Department of General Surgery, University of Pennsylvania, Philadelphia, PA.
University of Pennsylvania School of Medicine, Philadelphia, PA.
J Am Coll Surg. 2018 Apr;226(4):465-472.e1. doi: 10.1016/j.jamcollsurg.2017.12.050. Epub 2018 Feb 2.
Although laparoscopic Heller myotomy (LHM) has been the standard of care for achalasia, per oral endoscopic myotomy (POEM) has gained popularity as a viable alternative. This retrospective study aimed to compare patient-reported outcomes between LHM and POEM in a consecutive series of achalasia patients with more than 1 year of follow-up.
We reviewed demographic and procedure-related data for patients who underwent either LHM or POEM for achalasia between January 2011 and May 2016. Phone interviews were conducted assessing post-procedure achalasia symptoms via the Eckardt score and achalasia severity questionnaire (ASQ). Demographics, disease factors, and survey results were compared between LHM and POEM patients using univariate analysis. Significant predictors of procedure failure were analyzed using univariate and multivariate analysis.

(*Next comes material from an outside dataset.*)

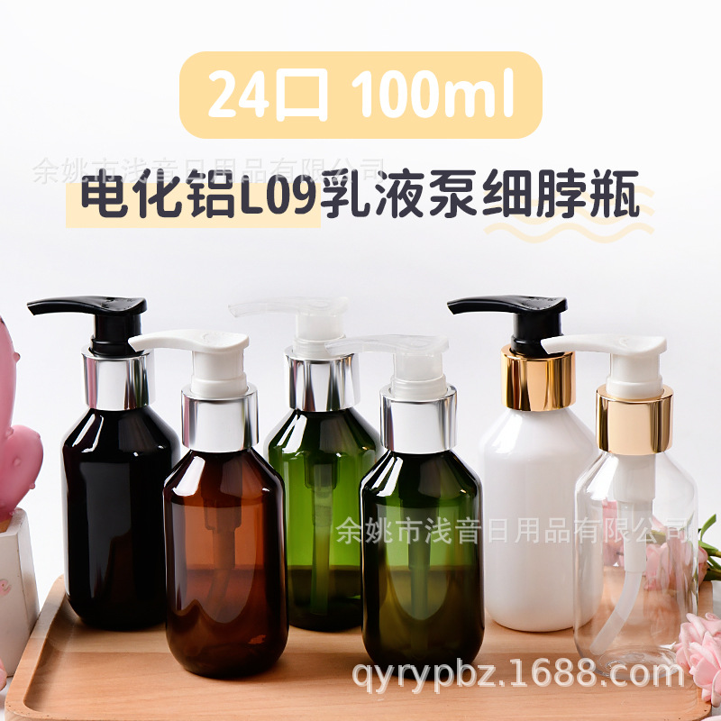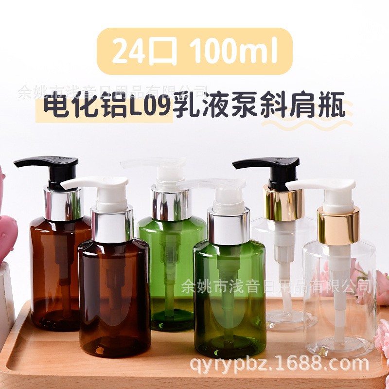 100 мл плоский туник с тонким плечом косой плечевой pet пластиковая бутылка 24 зуба L09 электрохимический алюминиевый эмульсионный насос
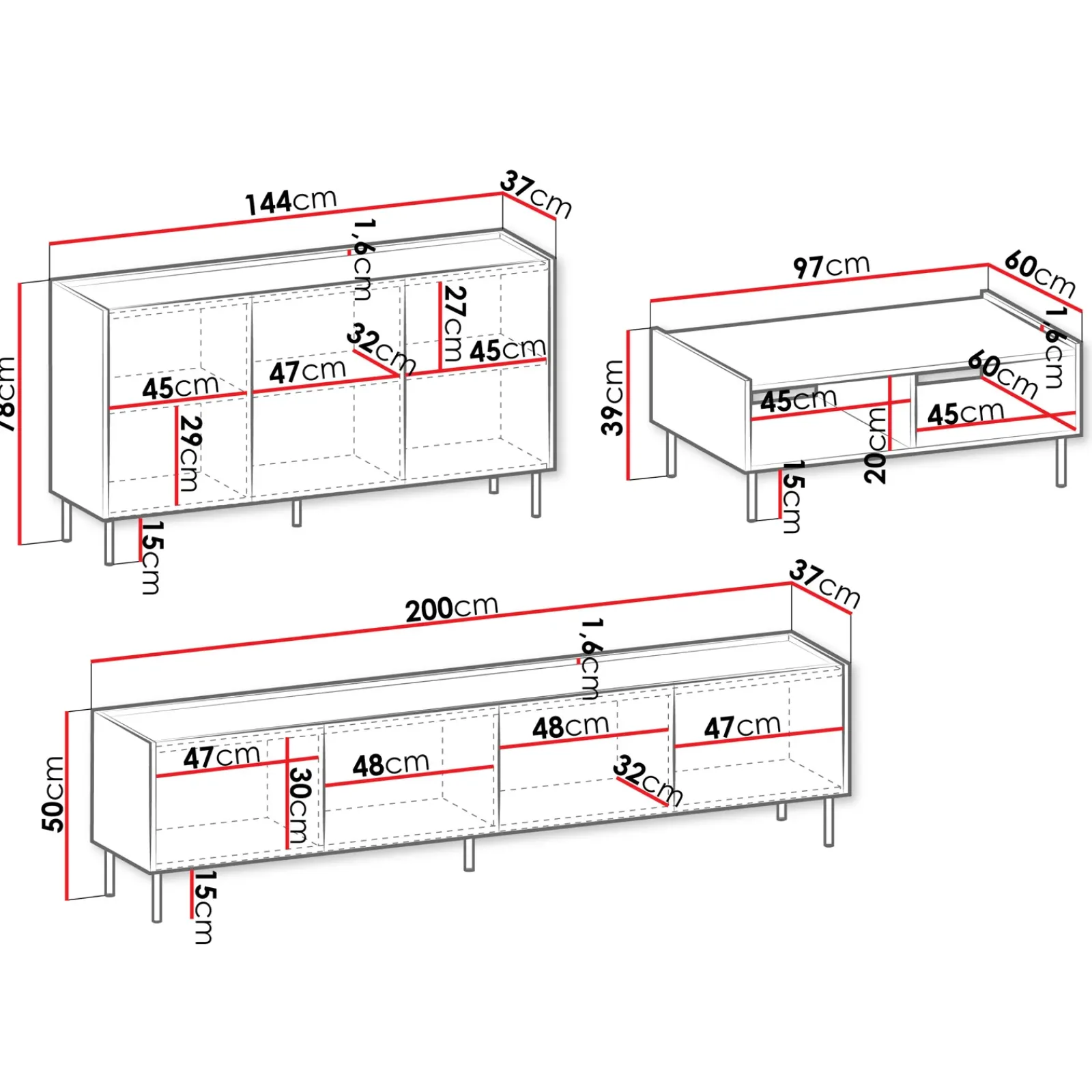 | Dimensioni | L.200 x H.50 x P.37 cm |

There were no serious complications in 110 consecutive patients who underwent LHM or POEM during the study period, and 96 (87%) patients completed phone surveys. There was a nonsignificant trend toward better patient-reported outcomes with POEM. There were significant differences in patient characteristics including sex, achalasia type, mean residual lower esophageal pressure (rLESP), and follow-up time. The only univariate predictors of an unsatisfactory Eckardt score or ASQ were longer follow-up and lower rLESP, with follow-up length being the only predictor on multivariate analysis.
There were significant demographic and clinical differences in patient selection for POEM vs LHM in our group. Although the 2 procedures have similar patient-reported effectiveness, subjective outcomes seem to decline as a result of time rather than procedure type.
虽然腹腔镜 Heller 肌切开术(LHM)一直是贲门失弛缓症的标准治疗方法,但经口内镜肌切开术(POEM)作为一种可行的替代方法已越来越受欢迎。本回顾性研究旨在对接受 LHM 或 POEM 治疗的贲门失弛缓症患者进行比较,这些患者的随访时间超过 1 年,并比较患者报告的结果。
我们回顾了 2011 年 1 月至 2016 年 5 月期间接受 LHM 或 POEM 治疗的贲门失弛缓症患者的人口统计学和手术相关数据。通过 Eckardt 评分和贲门失弛缓症严重程度问卷(ASQ)对术后贲门失弛缓症症状进行电话访谈。使用单变量分析比较 LHM 和 POEM 患者的人口统计学、疾病因素和调查结果。使用单变量和多变量分析分析手术失败的显著预测因素。
在研究期间,110 例连续接受 LHM 或 POEM 治疗的患者均无严重并发症,96 例(87%)患者完成了电话调查。POEM 的患者报告结果有更好的趋势。患者特征包括性别、贲门失弛缓症类型、平均残余食管下压力(rLESP)和随访时间存在显著差异。不满意的 Eckardt 评分或 ASQ 的唯一单变量预测因素是随访时间较长和 rLESP 较低,多变量分析中唯一的预测因素是随访时间。
在我们的研究中,POEM 与 LHM 患者的选择存在显著的人口统计学和临床差异。尽管这两种手术的患者报告效果相似,但主观结果似乎随着时间的推移而下降,而不是手术类型。